Differential effect of acute persistent insect-specific flavivirus infection on superinfection exclusion of West Nile, Zika and chikungunya viruses in RNAi-competent and -deficient mosquito cells.

Millions of people are annually infected by mosquito-transmitted arboviruses including dengue virus (DENV), West Nile virus (WNV), Zika virus (ZIKV) and chikungunya virus (CHIKV). Insect-specific flaviviruses (ISFs), which only infect mosquitoes and cannot replicate in vertebrates, can offers a potential one health strategy to block the transmission of arboviruses by reducing the mosquito's susceptibility for subsequent arbovirus infections through superinfection exclusion (SIE),. Most SIE studies focus on acute ISF infections in RNAi-deficient C6/36 cells.

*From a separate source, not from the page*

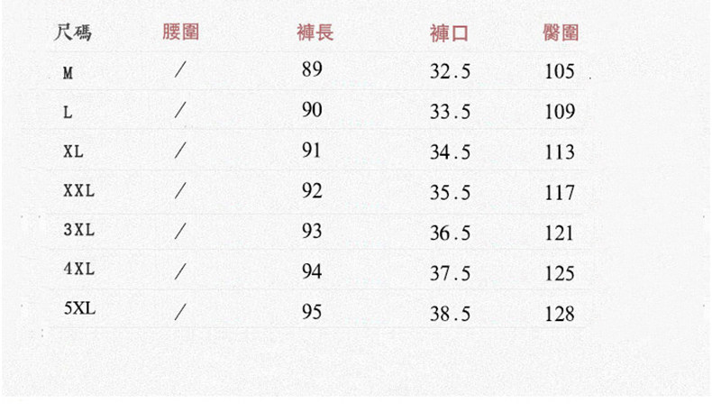 USA(inch) 28-30 30-32 32-34 34-38 38-42
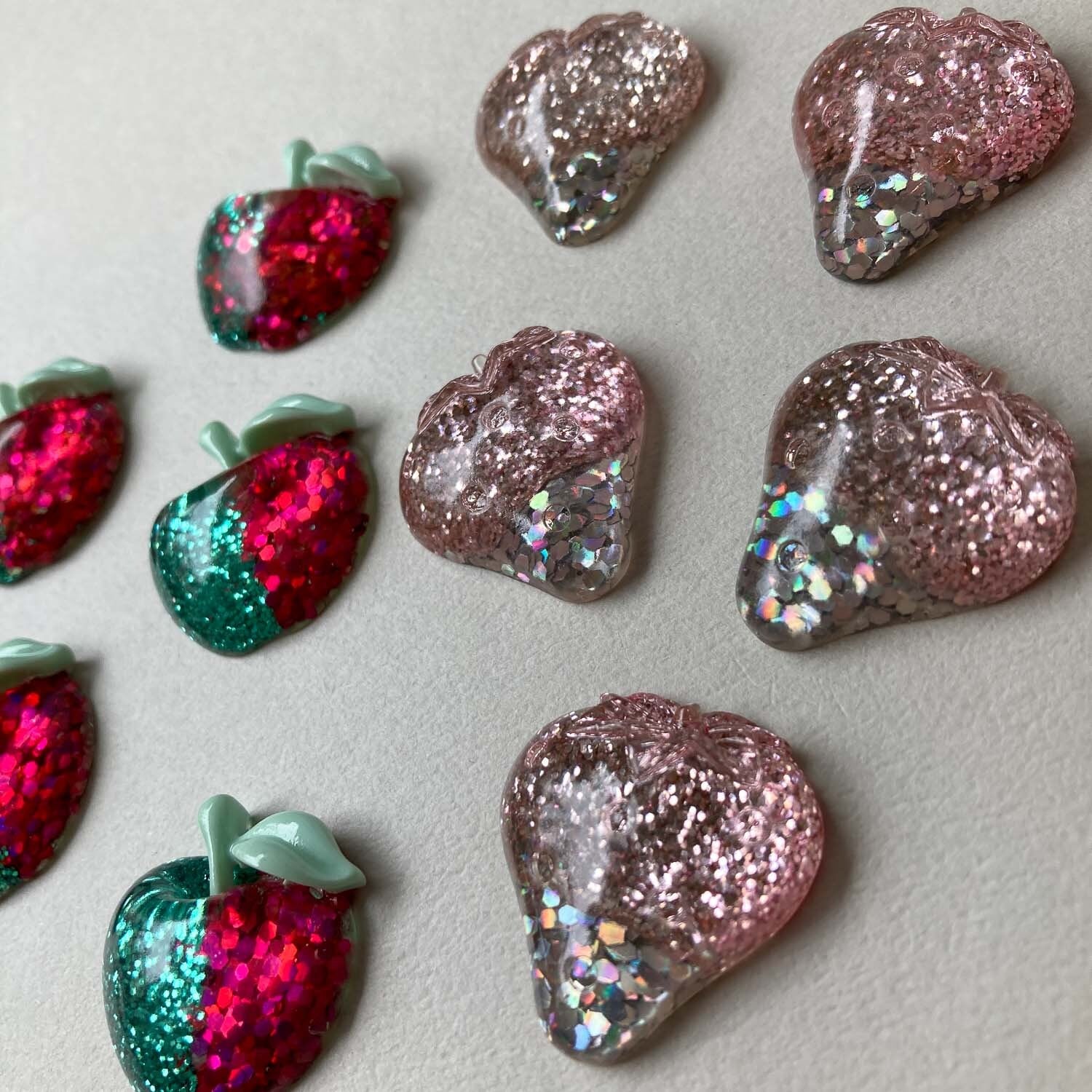 ■サイズ(縦×横×厚み/奥行):リンゴ:約26×26×8mm、イチゴ:約27×26×8mm

Because ISFs are known to persistently infect mosquitoes, acute infections in C6/36 cells may not accurately reflect natural interactions between ISFs and arboviruses. To study the underlying mechanisms for SIE, we persistently infected C6/36 and RNAi-competent Aag2 cells with the ISF Binjari virus (BinJV) and a BinJ-ZIKV chimera that contains the ZIKV prME structural genes. SIE of WNV, ZIKV and CHIKV by BinJV was more pronounced in acute than in persistently infected cells and much stronger in acutely infected C6/36 cells compared to Aag2 cells. The viability of RNAi-deficient mosquito cells was severely reduced upon acute ISF infection, which correlated to the observed SIE. However, persistently infected mosquito cells still inhibited subsequent arbovirus replication. Moreover, RNAi-competent Aag2 cells were better protected against ZIKV superinfection when they were pre-infected with BinJ-ZIKV as compared to BinJV. Therefore, acute ISF infections and strong cytopathic effects in RNAi-deficient cells augment SIE, while in persistently infected cells SIE is established through RNAi-dependent and independent mechanisms. This highlight the importance of using more representative models.